In February, when Smith and Rankin made a pre-deployment visit, the Norwegian PRT base to the northeast was overrun by Afghans outraged by the publication of the Danish Allah cartoons.
In Bamyan, there was also anger but quick diplomacy and the help of the governor and chief of police calmed locals. Statements by Prime Minister Helen Clark also helped.
"We've been lucky here so far," says Warrant Officer (2) Greg "Mitch" Mitchell. "Even here it only takes a couple of things to happen to set off a riot."
There is a sense the valley has been holding its collective breath.
"They've seen it all before," says Mitchell. "After the Russians left, there was a power vacuum and the mujahedin came in. Then the Taleban. You try and use future tenses with them, and talk about the future, and they don't want to talk about it. It's quite sad, really.
"In some areas, they are better off than us. The seediness in Western culture, they don't have that. The number of shops down there," he says, motioning towards the town, "with no one in attendance, and nothing gets taken."
The Kiwi Way is endorsed as one of the reasons for peace here.

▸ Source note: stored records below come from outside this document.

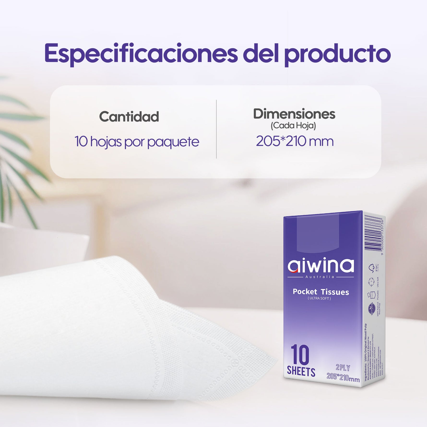 Cada paquete contiene 10 pañuelos, con un tamaño de 205*210 mm: compactos, prácticos y fáciles de llevar. Tanto en casa, de viaje o durante tus salidas, estos versátiles pañuelos están preparados para satisfacer todas tus necesidades de limpieza, desde retoques rápidos hasta limpiezas esenciales.
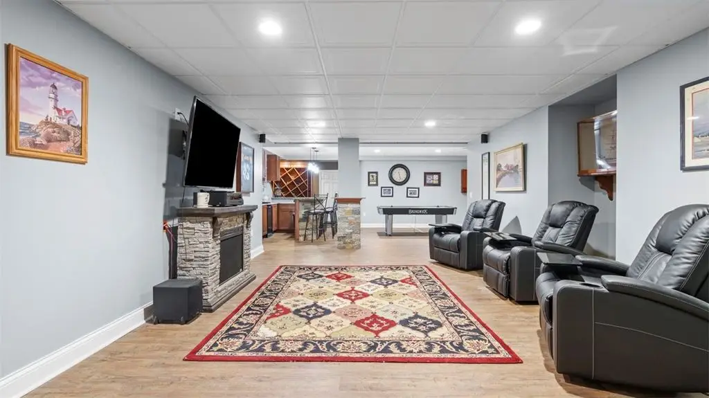Gorgeous home with unique floor plan - not cookie cutter! MIL Suite with private entrance on first floor, very open with plenty of closet space. Saltwater pool and outdoor hot tub included with beautiful landscaping, and fenced in yard. Large open kitchen and dining area, wonderful for entertaining. Four bedrooms upstairs, including master with ensuite bath and expansive closet. 2000 Sq Ft finished basement with lots of storage closets and full bath. Includes humidor room, wet bar, pool table room and workout room. Three car garage with room for 5 cars in the driveway. MIL Suite was used as successful AIRBNB. Spiral staircase on second floor leads to private space for office, meditation or yoga. NO HOA! Driveway is HEATED! Do not miss the opportunity to see this wonderful home!
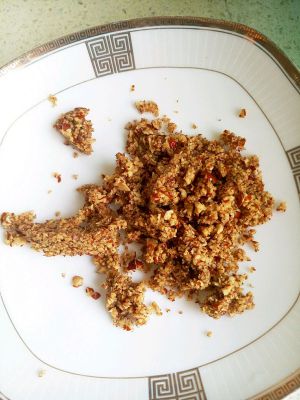 去核的红枣放料理机打碎备用,没有料理机的亲们,可以自己简单剁碎

Aided by Bamyan's ethnic differences and geographical separation from the rest of Afghanistan, the New Zealanders have more freedom than other PRTs.
They have embraced it. While troops elsewhere dispense aid from heavily armed and armoured columns, the Kiwis stop for tea and conversation.
"We treat these people as equals," says Ross Smith.
There is a strong feeling among the troops that Bamyan can't be left alone yet. They see the need to stay beyond New Zealand's 2007 commitment.
If they leave too early, as many feel they did in Timor, anarchy could easily return.